● TASK DETAILS: Every picture should be left out, but the lines below must be repeated exactly.

● SOURCE DATA:

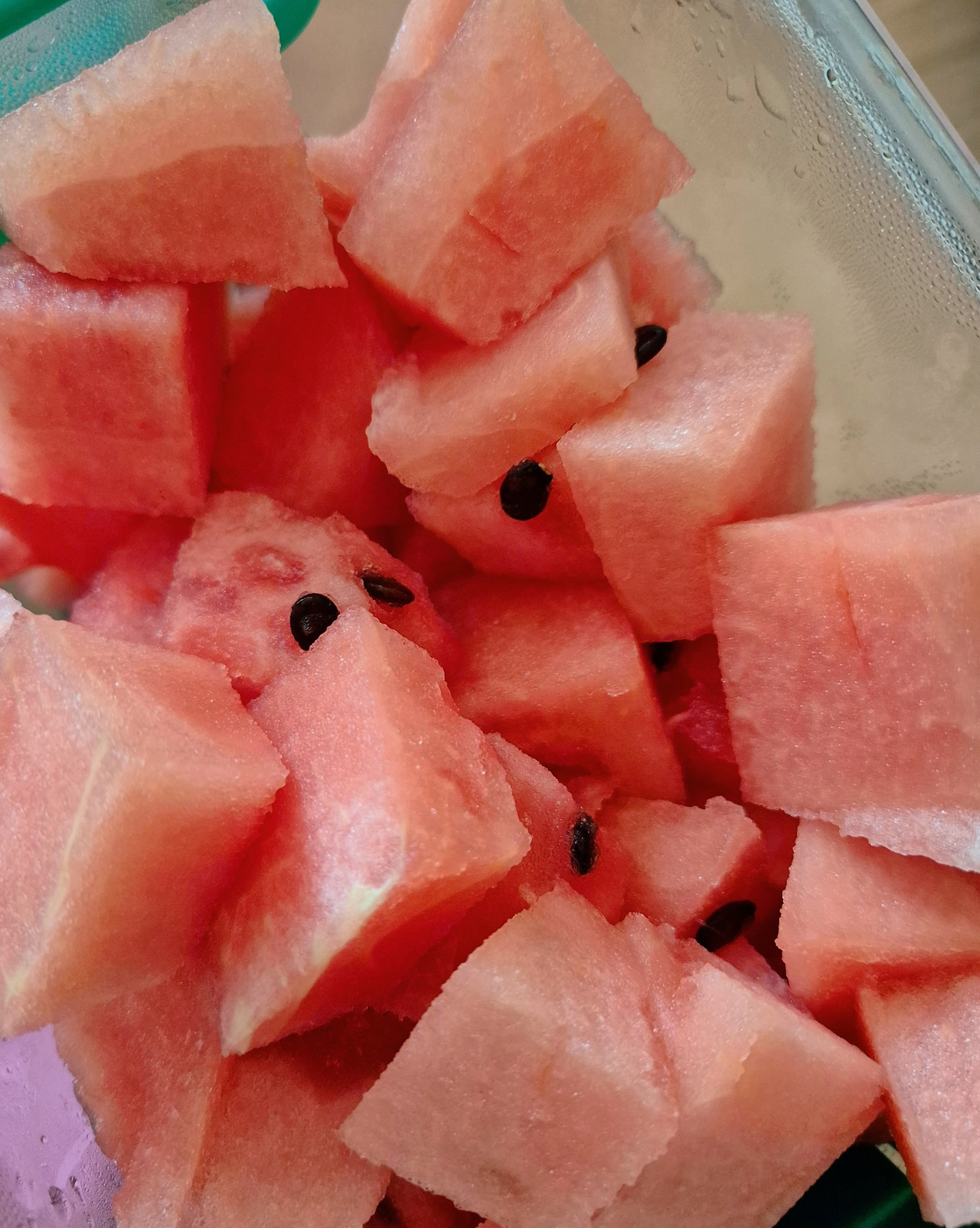 집에 오자마자 바로 수박을 깍둑썰기해서 통에 담아 냉장고에 시원하게 넣어뒀다. 잠시 쉬고 있을 때 학교에서 돌아온 딸아이가 현관문을 열자마자 말했다.
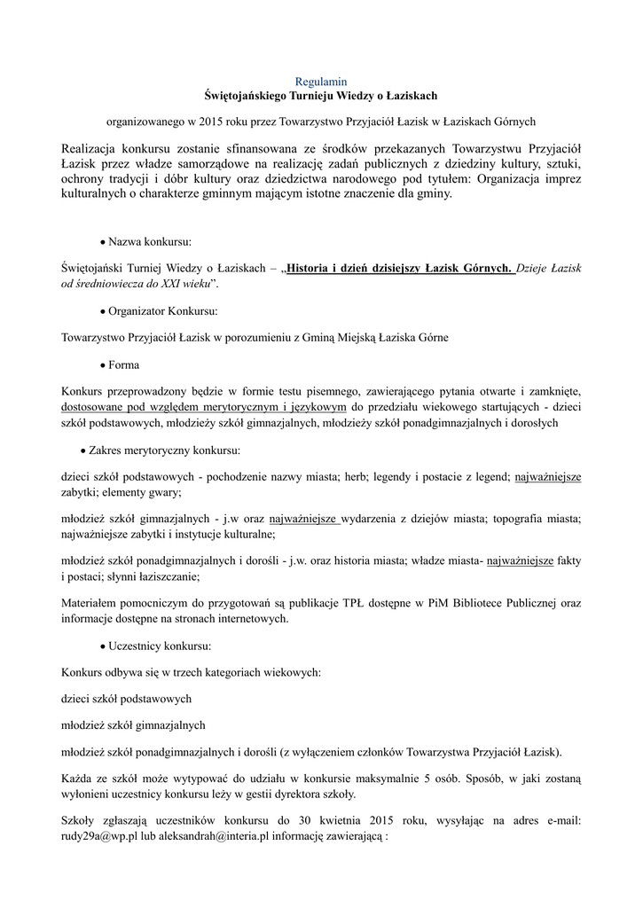 Regulamin Świętojańskiego Turnieju Wiedzy o Łaziskach organizowanego w 2015 roku przez Towarzystwo Przyjaciół Łazisk w Łaziskach Górnych Realizacja konkursu zostanie sfinansowana ze środków przekazanych Towarzystwu Przyjaciół Łazisk przez władze samorządowe na realizację zadań publicznych z dziedziny kultury, sztuki, ochrony tradycji i dóbr kultury oraz dziedzictwa narodowego pod tytułem: Organizacja imprez kulturalnych o charakterze gminnym mającym istotne znaczenie dla gminy. Nazwa konkursu: Świętojański Turniej Wiedzy o Łaziskach – „Historia i dzień dzisiejszy Łazisk Górnych. Dzieje Łazisk od średniowiecza do XXI wieku”. Organizator Konkursu: Towarzystwo Przyjaciół Łazisk w porozumieniu z Gminą Miejską Łaziska Górne Forma Konkurs przeprowadzony będzie w formie testu pisemnego, zawierającego pytania otwarte i zamknięte, dostosowane pod względem merytorycznym i językowym do przedziału wiekowego startujących - dzieci szkół podstawowych, młodzieży szkół gimnazjalnych, młodzieży szkół ponadgimnazjalnych i dorosłych Zakres merytoryczny konkursu: dzieci szkół podstawowych - pochodzenie nazwy miasta; herb; legendy i postacie z legend; najważniejsze zabytki; elementy gwary; młodzież szkół gimnazjalnych - j.w oraz najważniejsze wydarzenia z dziejów miasta; topografia miasta; najważniejsze zabytki i instytucje kulturalne; młodzież szkół ponadgimnazjalnych i dorośli - j.w. oraz historia miasta; władze miasta- najważniejsze fakty i postaci; słynni łaziszczanie; Materiałem pomocniczym do przygotowań są publikacje TPŁ dostępne w PiM Bibliotece Publicznej oraz informacje dostępne na stronach internetowych. Uczestnicy konkursu: Konkurs odbywa się w trzech kategoriach wiekowych: dzieci szkół podstawowych młodzież szkół gimnazjalnych młodzież szkół ponadgimnazjalnych i dorośli (z wyłączeniem członków Towarzystwa Przyjaciół Łazisk). Każda ze szkół może wytypować do udziału w konkursie maksymalnie 5 osób. Sposób, w jaki zostaną wyłonieni uczestnicy konkursu leży w gestii dyrektora szkoły. Szkoły zgłaszają uczestników konkursu do 30 kwietnia 2015 roku, wysyłając na adres e-mail: [email protected] lub [email protected] informację zawierającą : nazwę i adres szkoły imiona i nazwiska uczniów imiona i nazwiska nauczycieli – opiekunów uczniów Zgłoszenie ucznia do udziału w konkursie równoznaczne jest z wyrażeniem zgody przez jego rodziców / prawnych opiekunów na przetwarzanie danych osobowych ucznia przez Towarzystwo Przyjaciół Łazisk wyłącznie na potrzeby konkursu. Osoby pełnoletnie zgłaszają swój udział do 30 kwietnia 2015 roku, wysyłając na adres e-mail: [email protected] lub [email protected] informację zawierającą : imię i nazwisko uczestnika adres uczestnika Zgłoszenie się do udziału w konkursie równoznaczne jest z wyrażeniem zgody na przetwarzanie danych osobowych przez Towarzystwo Przyjaciół Łazisk wyłącznie na potrzeby konkursu. W przypadku zbyt małej ilości osób zgłoszonych do udziału w konkursie organizator zastrzega sobie prawo do odwołania konkursu w całości lub w jednej kategorii wiekowej. Komisja Konkursowa: Komisję Konkursową powołuje Zarząd Towarzystwa Przyjaciół Łazisk, podejmując stosowną uchwałę. Komisja składa się maksymalnie z 5 osób. Członkiem komisji może być osoba pełnoletnia, posiadająca wiedzę i doświadczenie zawodowe dające gwarancję prawidłowej i obiektywnej oceny prac konkursowych. Członkowie Komisji mogą być wybierani spośród: przedstawicieli Towarzystwa Przyjaciół Łazisk grona nauczycieli historii i / lub wiedzy o społeczeństwie przedstawicieli władz samorządowych Członkowie Komisji wybierają ze swojego grona przewodniczącego Komisji, który organizuje i kieruje jej działaniami. Zarząd Towarzystwa Przyjaciół Łazisk zapewnia obsługę formalną posiedzeń Komisji (zwoływanie posiedzeń, protokołowanie, itp.). Protokoły z posiedzeń Komisji podpisuje protokolant, członkowie oraz przewodniczący Komisji. Zadania Komisji: czuwanie nad prawidłowym przebiegiem turnieju ocena prac konkursowych pod względem formalnym i merytorycznym ogłoszenie wyników Uczestnicy konkursu mają prawo wglądu do swojej pracy. Końcowy protokół z prac Komisji jej przewodniczący przekazuje niezwłocznie Zarządowi Towarzystwa Przyjaciół Łazisk, który ogłasza wyniki Konkursu w lokalnej prasie oraz na stronie internetowej: www.laziska.pl. Terminarz konkursu: Zgłaszanie uczestników do 30 kwietnia 2015 Test konkursowy i ogłoszenie wyników – 7 maja 2015 Nagrody zapewnia organizator Wręczenie nagród i oficjalne ogłoszenie wyników nastąpi podczas Świętojańskich Dni Łazisk. .
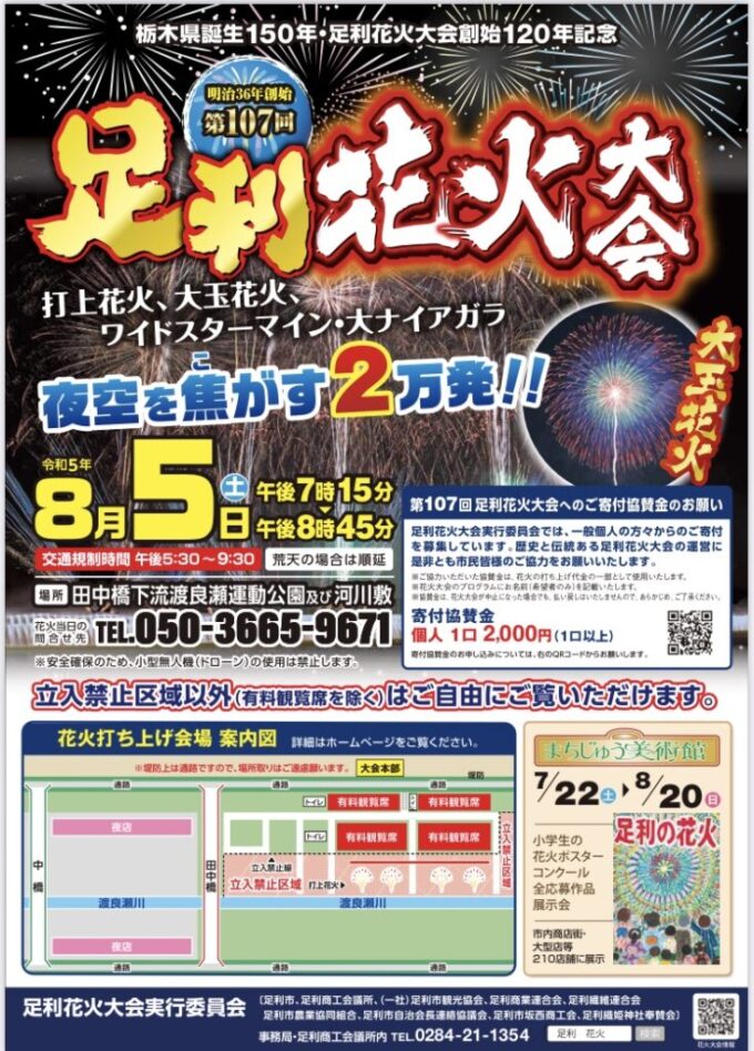 今年も足利花火大会が開催されます🍉 今年も電ねっとナカヤマは社長を 足利の音響設備工事のまとめ役として 足利花火大会へ参加します。

● OUTPUT OF THE TASK:
 집에 오자마자 바로 수박을 깍둑썰기해서 통에 담아 냉장고에 시원하게 넣어뒀다. 잠시 쉬고 있을 때 학교에서 돌아온 딸아이가 현관문을 열자마자 말했다.
 Regulamin Świętojańskiego Turnieju Wiedzy o Łaziskach organizowanego w 2015 roku przez Towarzystwo Przyjaciół Łazisk w Łaziskach Górnych Realizacja konkursu zostanie sfinansowana ze środków przekazanych Towarzystwu Przyjaciół Łazisk przez władze samorządowe na realizację zadań publicznych z dziedziny kultury, sztuki, ochrony tradycji i dóbr kultury oraz dziedzictwa narodowego pod tytułem: Organizacja imprez kulturalnych o charakterze gminnym mającym istotne znaczenie dla gminy. Nazwa konkursu: Świętojański Turniej Wiedzy o Łaziskach – „Historia i dzień dzisiejszy Łazisk Górnych. Dzieje Łazisk od średniowiecza do XXI wieku”. Organizator Konkursu: Towarzystwo Przyjaciół Łazisk w porozumieniu z Gminą Miejską Łaziska Górne Forma Konkurs przeprowadzony będzie w formie testu pisemnego, zawierającego pytania otwarte i zamknięte, dostosowane pod względem merytorycznym i językowym do przedziału wiekowego startujących - dzieci szkół podstawowych, młodzieży szkół gimnazjalnych, młodzieży szkół ponadgimnazjalnych i dorosłych Zakres merytoryczny konkursu: dzieci szkół podstawowych - pochodzenie nazwy miasta; herb; legendy i postacie z legend; najważniejsze zabytki; elementy gwary; młodzież szkół gimnazjalnych - j.w oraz najważniejsze wydarzenia z dziejów miasta; topografia miasta; najważniejsze zabytki i instytucje kulturalne; młodzież szkół ponadgimnazjalnych i dorośli - j.w. oraz historia miasta; władze miasta- najważniejsze fakty i postaci; słynni łaziszczanie; Materiałem pomocniczym do przygotowań są publikacje TPŁ dostępne w PiM Bibliotece Publicznej oraz informacje dostępne na stronach internetowych. Uczestnicy konkursu: Konkurs odbywa się w trzech kategoriach wiekowych: dzieci szkół podstawowych młodzież szkół gimnazjalnych młodzież szkół ponadgimnazjalnych i dorośli (z wyłączeniem członków Towarzystwa Przyjaciół Łazisk). Każda ze szkół może wytypować do udziału w konkursie maksymalnie 5 osób. Sposób, w jaki zostaną wyłonieni uczestnicy konkursu leży w gestii dyrektora szkoły. Szkoły zgłaszają uczestników konkursu do 30 kwietnia 2015 roku, wysyłając na adres e-mail: [email protected] lub [email protected] informację zawierającą : nazwę i adres szkoły imiona i nazwiska uczniów imiona i nazwiska nauczycieli – opiekunów uczniów Zgłoszenie ucznia do udziału w konkursie równoznaczne jest z wyrażeniem zgody przez jego rodziców / prawnych opiekunów na przetwarzanie danych osobowych ucznia przez Towarzystwo Przyjaciół Łazisk wyłącznie na potrzeby konkursu. Osoby pełnoletnie zgłaszają swój udział do 30 kwietnia 2015 roku, wysyłając na adres e-mail: [email protected] lub [email protected] informację zawierającą : imię i nazwisko uczestnika adres uczestnika Zgłoszenie się do udziału w konkursie równoznaczne jest z wyrażeniem zgody na przetwarzanie danych osobowych przez Towarzystwo Przyjaciół Łazisk wyłącznie na potrzeby konkursu. W przypadku zbyt małej ilości osób zgłoszonych do udziału w konkursie organizator zastrzega sobie prawo do odwołania konkursu w całości lub w jednej kategorii wiekowej. Komisja Konkursowa: Komisję Konkursową powołuje Zarząd Towarzystwa Przyjaciół Łazisk, podejmując stosowną uchwałę. Komisja składa się maksymalnie z 5 osób. Członkiem komisji może być osoba pełnoletnia, posiadająca wiedzę i doświadczenie zawodowe dające gwarancję prawidłowej i obiektywnej oceny prac konkursowych. Członkowie Komisji mogą być wybierani spośród: przedstawicieli Towarzystwa Przyjaciół Łazisk grona nauczycieli historii i / lub wiedzy o społeczeństwie przedstawicieli władz samorządowych Członkowie Komisji wybierają ze swojego grona przewodniczącego Komisji, który organizuje i kieruje jej działaniami. Zarząd Towarzystwa Przyjaciół Łazisk zapewnia obsługę formalną posiedzeń Komisji (zwoływanie posiedzeń, protokołowanie, itp.). Protokoły z posiedzeń Komisji podpisuje protokolant, członkowie oraz przewodniczący Komisji. Zadania Komisji: czuwanie nad prawidłowym przebiegiem turnieju ocena prac konkursowych pod względem formalnym i merytorycznym ogłoszenie wyników Uczestnicy konkursu mają prawo wglądu do swojej pracy. Końcowy protokół z prac Komisji jej przewodniczący przekazuje niezwłocznie Zarządowi Towarzystwa Przyjaciół Łazisk, który ogłasza wyniki Konkursu w lokalnej prasie oraz na stronie internetowej: www.laziska.pl. Terminarz konkursu: Zgłaszanie uczestników do 30 kwietnia 2015 Test konkursowy i ogłoszenie wyników – 7 maja 2015 Nagrody zapewnia organizator Wręczenie nagród i oficjalne ogłoszenie wyników nastąpi podczas Świętojańskich Dni Łazisk. .
 今年も足利花火大会が開催されます🍉 今年も電ねっとナカヤマは社長を 足利の音響設備工事のまとめ役として 足利花火大会へ参加します。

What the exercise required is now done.